Our typical workflow for most projects consists of producing a Sketchup model of the building (and often the site) as a key design tool, and one to present to the client at the very initial stage. Thereafter the 3D model will help in the design development and be used in the main planning drawings and application. Usually, it then finishes when we develop the construction drawings but often the 3D model is used to check, test and visualise technical elements and issues, as well as being useful for our technical staff to check the construction drawings against the original design intent.

I love producing 3D models to show clients inside their building before it is made. This had led to us dipping into animations and flythoughs and has really helped us not only sell our ideas but help our clients sell their houses/flats etc. A lot of our projects on our website now incorporate the 3D animations alongside the 3Ds and photos of the building.

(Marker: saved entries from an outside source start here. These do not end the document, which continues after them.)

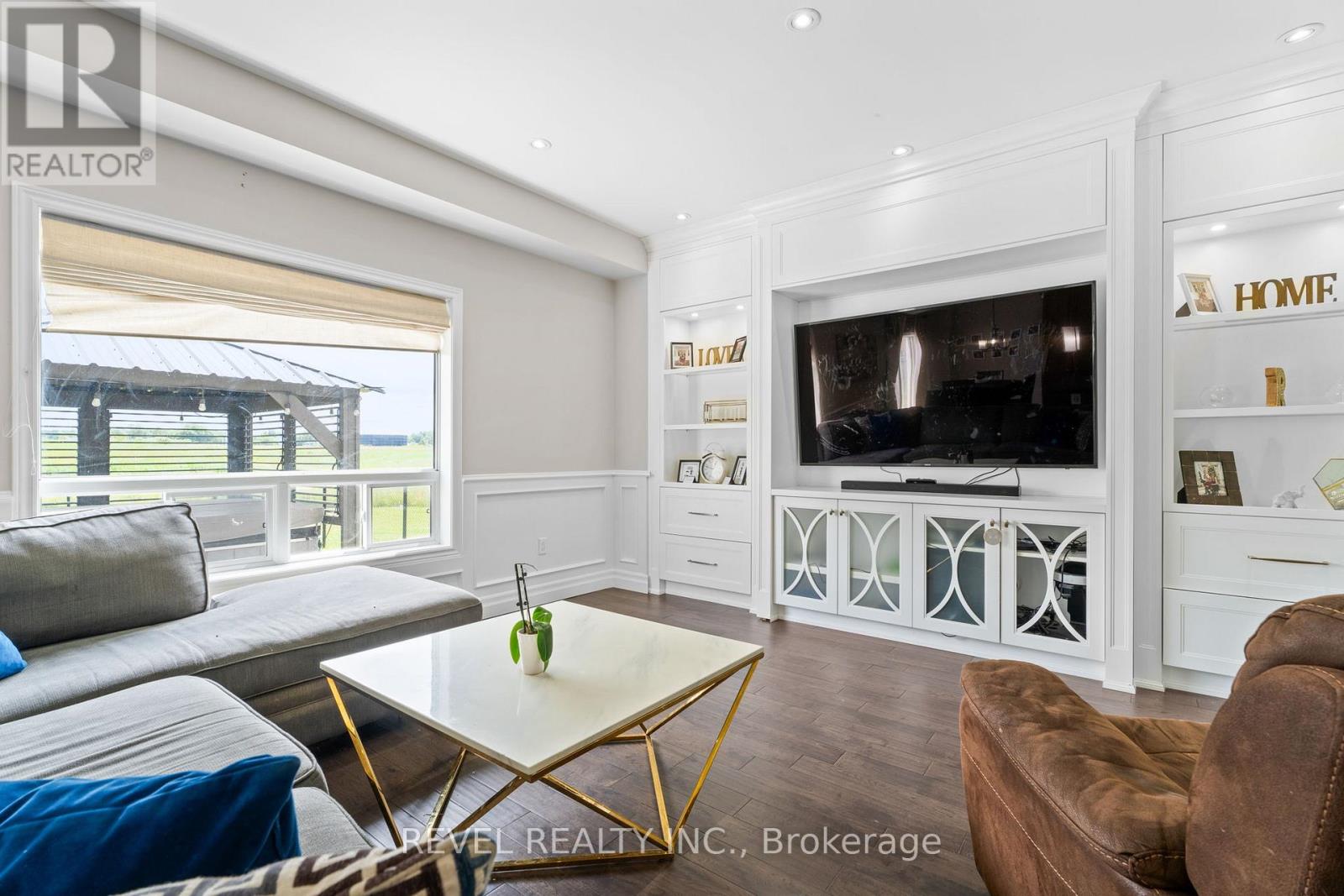 Tucked into one of Shelburne's most family-friendly streets, 416 Tansley Street offers something that almost never comes up in town... a truly oversized, pie-shaped lot with no neighbours to one side or behind. This backyard is the kind of space buyers wait for. Private, expansive, and full of potential. Whether you're dreaming of a pool, summer entertaining, or simply room for the kids to run and play, this property delivers it all while still being right in town.Step outside and you'll find a beautifully designed stone patio complete with a built-in BBQ, bar fridge, and TV setup, creating the ultimate outdoor hangout space. It's ready for summer nights, game days, and effortless hosting. Inside, the home offers over 3200 square feet above grade with a layout that truly works for modern families. The main level features engineered hardwood throughout, a formal dining room, multiple living spaces including a bonus family room or playroom, and a spacious kitchen with abundant storage, an eat-in area, and a walkout to the backyard.Upstairs, you'll find four generously sized bedrooms, each with access to a bathroom, including a well-appointed primary retreat + 1 bonus bedroom in the basement. The thoughtful layout offers both comfort and privacy for growing families.The fully finished lower level offers incredible flexibility with a separate entrance through the garage, two additional bedrooms, a full bathroom, and its own laundry. Ideal for extended family, guests, or creating a private secondary living space.This is more than just a home. It's a rare opportunity to own one of the largest and most private in-town lots in Shelburne, paired with the space and layout today's families are searching for.If you've been waiting for something that stands out from the rest, this might be the one. (id:64974)
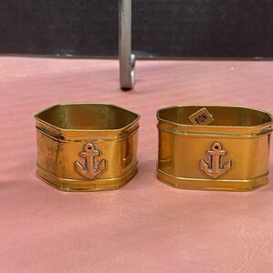 Set of 2 Vintage Brass Napkin Rings Raised Copper Anchor Nautical Beach Decor
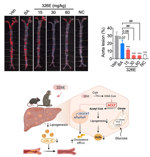图1. 新型ACLY小分子抑制剂326E改善高胆固醇血症及作用机制示意图
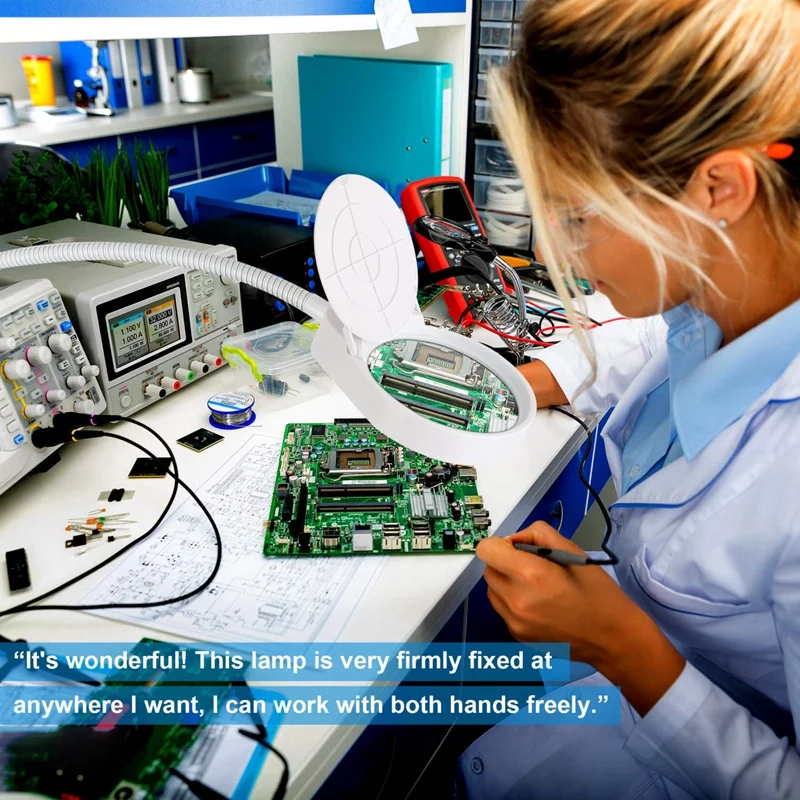 [Полезная Зажимная лампа, освободите обе руки] забудьте о ручном или головном Лупе! Увеличительная лампа предназначена для пользователей, которые читают или работают удобно, удобно. Лампа имеет 23-дюймовую гибкую металлическую гусиную шею, длиннее, чем у других моделей около 9 дюймов, сохраняет хороший баланс жесткой и регулируемой, не падая и не тряся, таким образом, вы можете расположить объектив там, где он нужен, свободные руки для рукоделия или хобби, рукоделия или других профессиональных задач, таких как ремонт, Пайка, эстетика, красота.
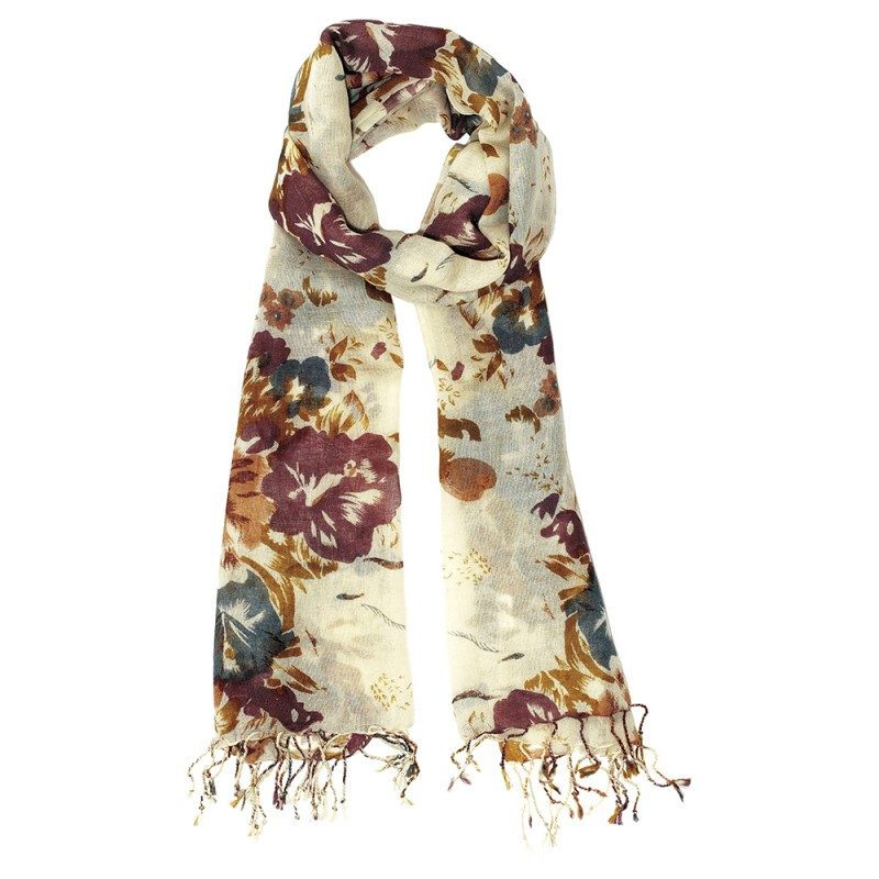Vacker ull halsduk med blommiga tryck i gyllene färger.
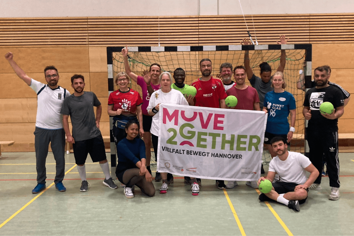 Bereits über 50 Aktionen hat das Team um Unda Karlshaus vom UFU in 2025 umgesetzt: Ob gemeinsam das Deutsche Sportabzeichen zu absolvieren, bei der SG 74 Beach-Tennis oder im Georgengarten Fußball zu spielen – das Projekt Move2gether bewegt Menschen in Hannover.
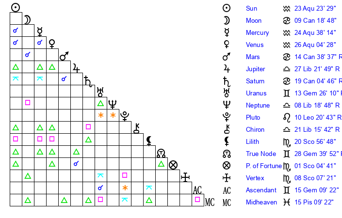 | Sun | 23 Aquarius 24 | 24 Aquarius 14 | 11 Taurus 41 |

We often collaborate with our clients via the 3D model and have sent out the model for them to navigate and spin around at home using the software viewer. Domestic clients especially love this being able to walk around and show off their new home to family and friends.
I think there is a real art and craft to be able to sketch your design intentions, and every time I need to amend a plan (or site plan) it is much easier to do this by printing out, overlaying the drafting paper and exploring, testing, idea after idea. I use a blue pencil (it is clearer to read and it doesn’t get your hands as dirty as the HB pencils!) and is easy to draw something, then change it and refine it via hand.

On the flip side, using the computer to assist in design lets you look at your designs from ‘all angles’ by spinning it around, adding and subtracting elements quickly, changing materials, and again constantly testing and evolving design. This has been tested numerous times in a client meeting where they have asked us “what about if you did it like…..” – and I have often made the change there and then ‘while-you-wait’ blue peter style. This approach has really helped test client ideas, but also our 3D ‘instant’ modelling ability!

The computer also has the ability to model and illustrate vast areas in a single model. We have shown 3D models of a very simple 1-room extension right up to modelling half a city block and this couldn’t simply be achieved in the same way by hand. With the emergence of the Google Streetview, and the 3D Google Earth views we can explore cities almost instantly and tie our 3D models into our cities to illustrate.
The next step for 3D technology has to be the Drone photography and use of VR, which use to be limited to the huge mega-architect firms with their large budgets and in-house team of 3D artists at the ready. But now smaller firms are embracing this as well as a number of developers we work with who are embracing this technology to market and sell better.

I recently took my kids to the ‘robots’ exhibition in the fabulous V&A Dundee and one of the interesting displays was to type into a search engine “how likely is my career to be replaced with robots/technology.” I was hugely relieved to discover that “Architect” was fairly low risk alongside many of the creative careers, as much as computers and robots are vastly superior to us in numerous ways it seems that designing is not their forte.

It is clear the ‘rise of the machine’ is here to assist, not to replace, design. As architects, we must embrace the machine and the rapid advance of technology or we are at risk of being left behind and superseded by the firms around us who will be the ones that are up there and current with all the modern programs and devices. Good design, however, does not require over-technology to disguise it and good design will always shine through long after the 3D render is filed away.